Кулак взвинчен не на шутку. Кольщик дрожащими пальцами собирает тату-инвентарь. Сжимая губы добела, раздувая чёрные дыры ноздрей, Кулак тянет мне ладонь. Кладу в неё телефон. Он убирает его в карман.

— Кто это был? — спрашиваю.

— Дежурный по полку, — выдавливает Кулак.

— Что теперь будет?

— Лучше тебе не знать, Маэстро. Спать уебись.

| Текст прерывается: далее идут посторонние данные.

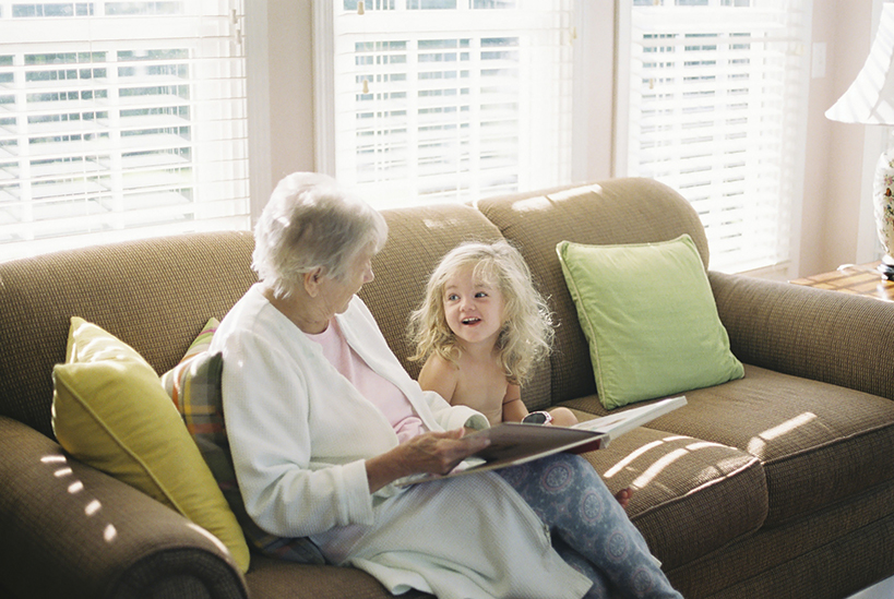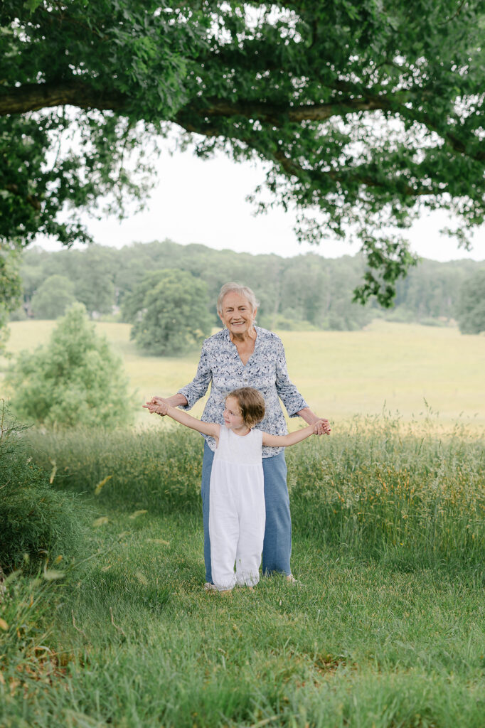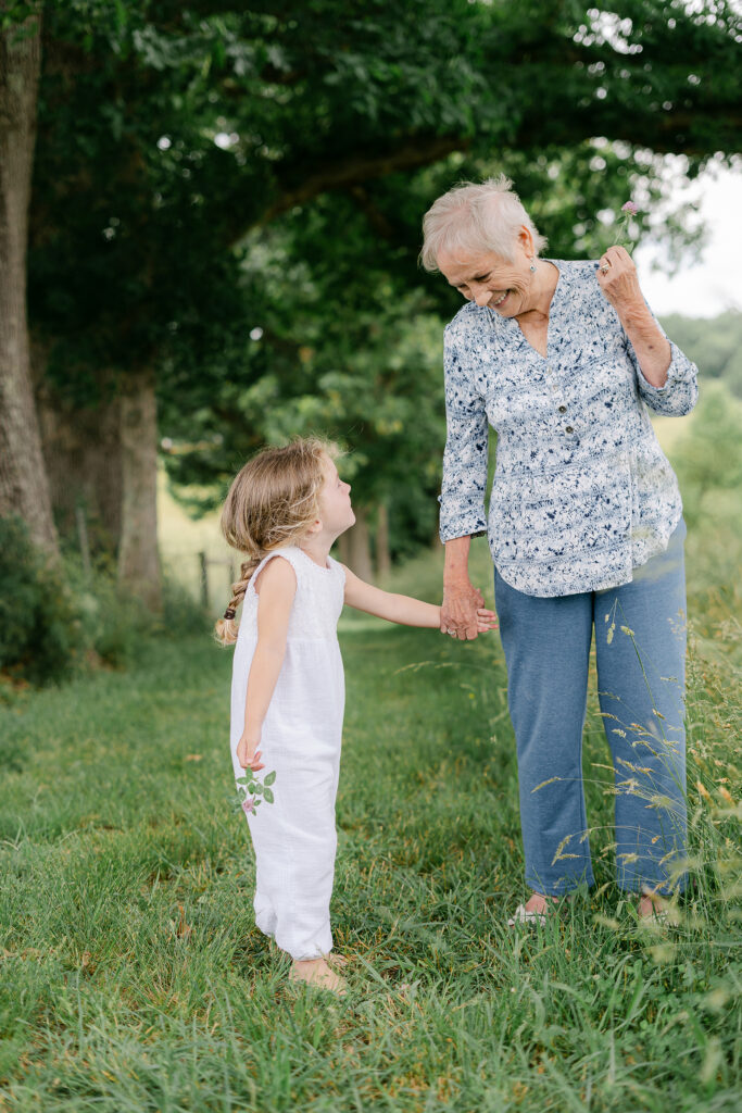 Summer and fall work great for outdoor shots with nice light and comfortable temps. Winter can create cozy indoor moments with grandparents reading or baking with grandkids.

Я вышел из Ленинской и уебался спать.

— Маэстро, хули шастаешь? — прошипели с верхнего шконаря.

Там лежал Вася Крошкó, наглый хитрый пацан из Новосиба, шустряк с белёсыми волосами и ресницами.

— Дежурный по полку был. Проверка.

— Нихуя! — Крошко свесился вниз. — Тебя, что ли, проверял?

— Ленинскую комнату.

— И что там?

— Кулаку портак били.

— Нихуя! Ты бил?

— Да нет. Какой-то солдик, не из нашей роты.

— Нихуя! А ты при чём?

— Я у Кулака брал телефон.

— И его из-за тебя засекли?!

— Ну.

— Ебать ты затупок, Маэстро!

Вися надо мной, Крошко прыснул от смеха.

— Тебе же теперь пизда, ты понимаешь, Маэстро? Кулак за меньшее убивал. А тут… после отбоя, портак, да ещё и солдата из другой роты притащил… Ему по меньшей мере гауптвахта светит. А то и дисбат. Еба-а-ать, Маэстро!..

Дисбат — это дисциплинарный батальон. По слухам, не самое приятное место, где большую часть яви занимает строевая подготовка, отчего многие бойцы строевым шагом вскоре уходят с ума. Крошко давился со смеху. Проснулись другие солдаты, начали шептаться: что стряслось? Я едва слышал, как Вася пересказывает историю, наращивая подробности, и чувствовал, что лечу в пропасть. Той ночью я не спал вовсе.

Утром о случившемся знала уже вся рота. После завтрака — весь полк. Кулак смотрел лазерами, от его взгляда я чувствовал физическую боль. После обеда пришли какие-то офицеры и увели его.

— Маэстро ебáное, — между делом бросал сержант Иванов.

— Уебатор тупой, — вторил сержант Громов.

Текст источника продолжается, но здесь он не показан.